#### TASK DIRECTIONS
The records below hold a stretch from the line with "- 전략적 목표: 잔나와" through the line with "再降低上一层线稿的不透明度,新建图层细化"; return exactly those lines, ends included, and nothing more.
------ THE RECORDS ------
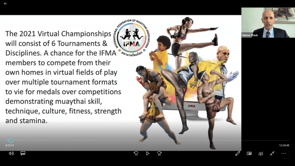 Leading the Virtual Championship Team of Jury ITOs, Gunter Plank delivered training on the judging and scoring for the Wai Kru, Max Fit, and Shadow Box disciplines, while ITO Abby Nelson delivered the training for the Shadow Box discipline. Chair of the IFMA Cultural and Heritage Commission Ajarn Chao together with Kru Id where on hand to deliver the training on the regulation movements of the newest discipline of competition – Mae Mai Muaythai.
------
------ THE RECORDS ------
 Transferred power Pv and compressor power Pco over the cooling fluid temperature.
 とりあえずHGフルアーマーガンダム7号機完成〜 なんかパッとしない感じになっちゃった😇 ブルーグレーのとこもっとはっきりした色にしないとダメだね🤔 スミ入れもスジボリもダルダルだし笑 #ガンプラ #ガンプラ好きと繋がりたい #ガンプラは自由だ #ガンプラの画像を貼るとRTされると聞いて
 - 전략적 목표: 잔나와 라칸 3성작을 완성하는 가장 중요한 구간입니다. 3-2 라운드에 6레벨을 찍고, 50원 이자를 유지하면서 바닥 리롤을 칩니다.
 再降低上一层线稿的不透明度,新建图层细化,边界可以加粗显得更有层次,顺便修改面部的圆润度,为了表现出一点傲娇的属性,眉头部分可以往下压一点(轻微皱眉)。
------
#### RESULT OF THE TASK
 - 전략적 목표: 잔나와 라칸 3성작을 완성하는 가장 중요한 구간입니다. 3-2 라운드에 6레벨을 찍고, 50원 이자를 유지하면서 바닥 리롤을 칩니다.
 再降低上一层线稿的不透明度,新建图层细化,边界可以加粗显得更有层次,顺便修改面部的圆润度,为了表现出一点傲娇的属性,眉头部分可以往下压一点(轻微皱眉)。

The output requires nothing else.